# Homework Help: Proving a sequence is a Cauchy Sequence

1. Apr 19, 2012

### TeenieBopper

1. The problem statement, all variables and given/known data
Prove $\sum\frac{(-1)^k}{k^2}$ is a Cauchy sequence.

2. Relevant equations
Definition of Cauchy sequence: |a$_{n}$ - a$_{m}$|<ε for all n,m>=N, n>m

3. The attempt at a solution

I thought if I could prove that the above summation was less than the summation of 1/k^2, the problem would be easy. But either that isn't true, or I don't know how to prove it.

So I started some stuff with the triangle inequality. Here's what I have in full so far:

Let ε>0 be given. Choose a positive integer N such that 1/N<ε. Then, if m,n>=N, and n>m, we have |a_n - a_m| <= |$\sum(-1)^n/n^2$| + |-$\sum(-1)^m/m^2$.

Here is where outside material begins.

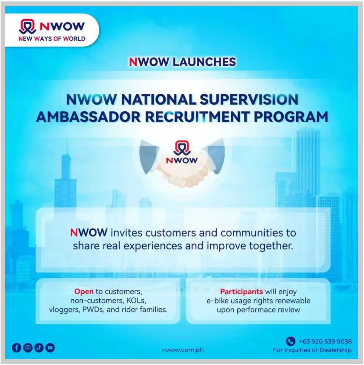 近日,NWOW品牌电动车在菲律宾成功举办“NWOW 15周年庆典”活动,与广大消费者和合作伙伴共同见证品牌十五年来的成长与发展。本次庆典特别邀请了NWOW品牌代言人——菲律宾知名明星夫妇 Dong Yan 出席现场,与观众亲切互动,吸引了众多顾客到场支持,星光熠熠,热闹非凡。

But I don't really know where to go from here. I could say that |a_m| = |-a_m|, but I don't think that gets me anywhere. Any hints to get me going again would be greatly appreciated.

2. Apr 19, 2012

### hamsterman

It should be intuitively clear that $|a+b| \leq |a| + |b|$. From this follows that $|\sum f(x)| \leq \sum |f(x)|$, thus $\sum \frac{(-1)^k}{k^2} \leq \sum \frac{|(-1)^k|}{k^2} = \sum \frac{1}{k^2}$.